AP: Some of my proudest and most impactful moments with GetEQUAL have been when we are able to show up for and build with queer and trans activists kicking ass across movements. The very obvious truth (to anyone that's paying attention) is that LGBTQ people are at the forefront of the movement for black lives, the fight for dignity and justice for immigrants, climate justice, the fight for $15, and reproductive justice. I'm so proud of how we have been able to share our tradition of unapologetic demands, direct action, and intersectional analysis with groups on the local, state and national level. Being able to share space, strategy, wins, and setbacks with people organizing from multiple identities requires deep, authentic relationships -- the kind of relationships that can and will transform how we build movements, fight for change, and ensure that we all Get Free!

HC: That's tough. I’m the first to criticize our work and to deny credit in favor of telling a more accurate and more inclusive story about how things get/got done.
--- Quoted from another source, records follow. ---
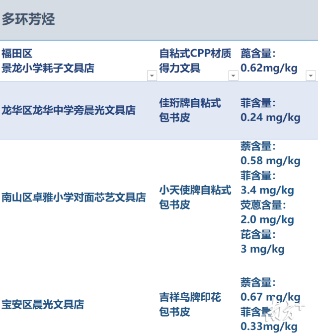 “可以看到,檢測出含有鄰苯二甲酸酯和多環(huán)芳烴的樣本多為自粘式包書皮?!痹撛夯ぎa(chǎn)品檢測所高級工程師王欣說。
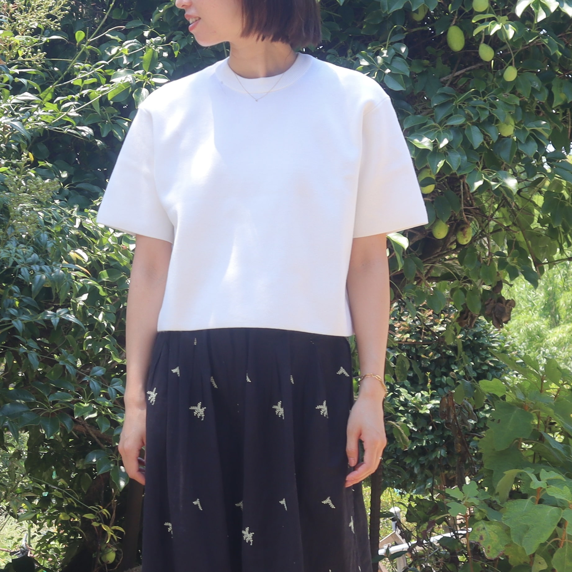 今回は、このトップスをベースに、とろみ素材・ツヤ素材のアイテムと組み合わせた4つのコーディネートをご紹介します。
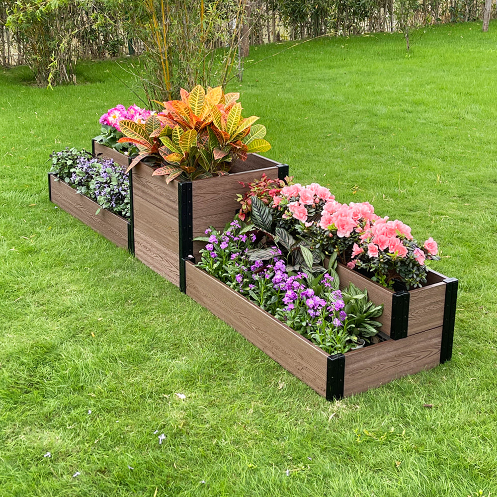 Providing extra height and visual interest, our premium quality garden bed R212421 is perfect for growing vegetables, flowers and herbs. The composite wood plastic boards and heavy-duty steel post brackets ensure a strong and durable structure that can last in outdoor conditions for up to a decade. Attached with 2 sets of R0714C4524, you can make up various shapes and forms of garden beds to enlighten your garden.
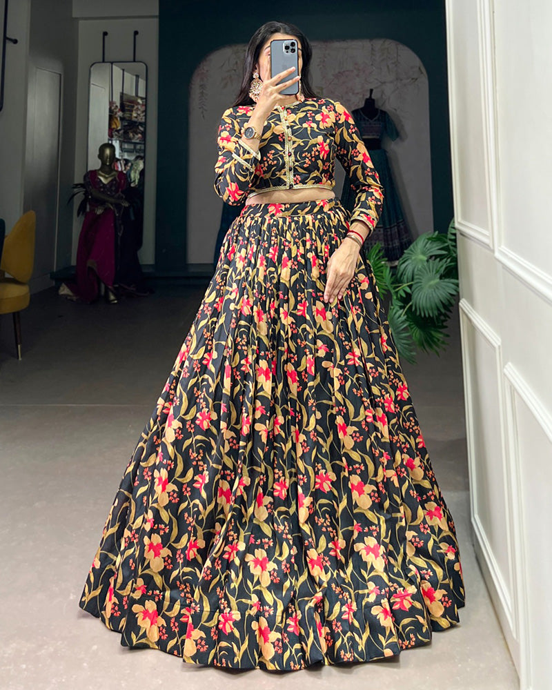 Make a statement with this Black Tussar Silk Printed Lehenga Choli. Crafted from luxurious tussar silk, the lehenga features an elegant printed design that adds a touch of sophistication. Perfect for festive celebrations, weddings, or special events, this ensemble exudes timeless charm and refined style.
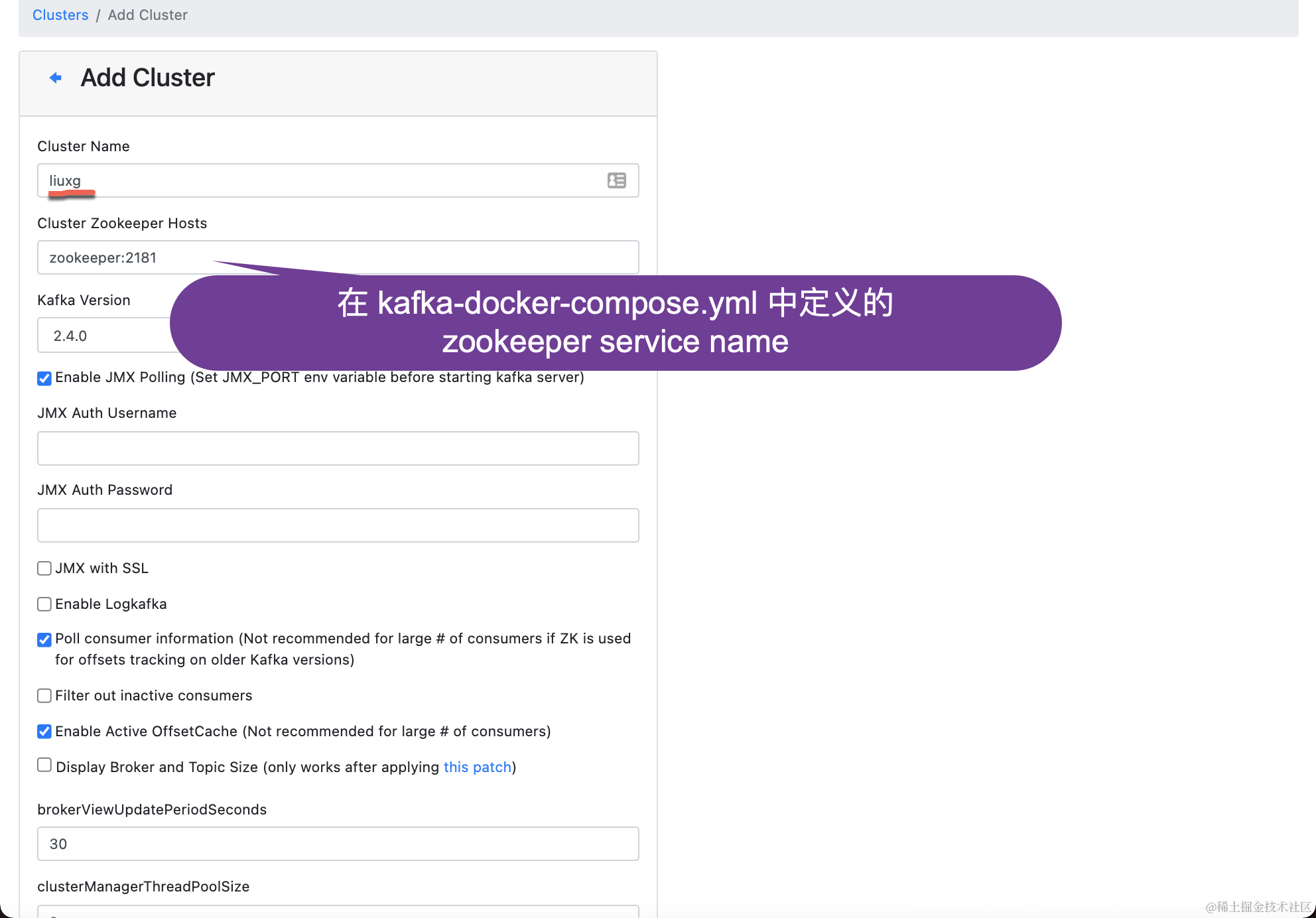 我们发现 Kafka Manager 运行于 9000 端口。我们打开本地电脑的 9000 端口:

But one thing that I’m absolutely confident in is GetEQUAL’s role in “moving the movement.” While we were certainly not the first organization to critique the symbiotic relationship between LGBTQ grasstops leaders/donors and the Democratic establishment, I think our willingness to do so very publicly and in front of the mainstream media moved the needle on the way that the movement is perceived by political leaders. One clear example is around the push for passage of the Equality Act. Six years ago, *no one* at mainstream LGBTQ organizations or on the Hill would entertain the idea of a “full equality” bill -- but that exact bill has now been introduced in the U.S. Congress. Furthermore, over the past six years my/our analysis has evolved -- and we know that “legal equality” is not enough so long as the law treats people of color, trans folks, immigrants, dis/abled people, women, incarcerated and formerly-incarcerated people, and poor people differently than white, cisgender, middle-class citizens -- even white, cisgender, middle-class citizens who are gay. So we are now pushing for a “liberation” agenda, rather than an “equality” agenda in order to ensure that we’re fighting for all of us and not just some of us. While there’s still *so* much work to do in order to truly build the left-flank political power that we actually need in order to get to the point of LGBTQ liberation, I am proud that GetEQUAL has played a role in moving the needle in real and substantial ways.

Rather than hiring a new co-director immediately, GetEQUAL’s staff and board will be spending the next few months thinking and strategizing deeply around how we can be of the best and deepest service to the LGBTQ liberation movement. With so much changing within the LGBTQ movement and with so many new needs arising each day, our board has made the decision to take the time to ensure that we get this right.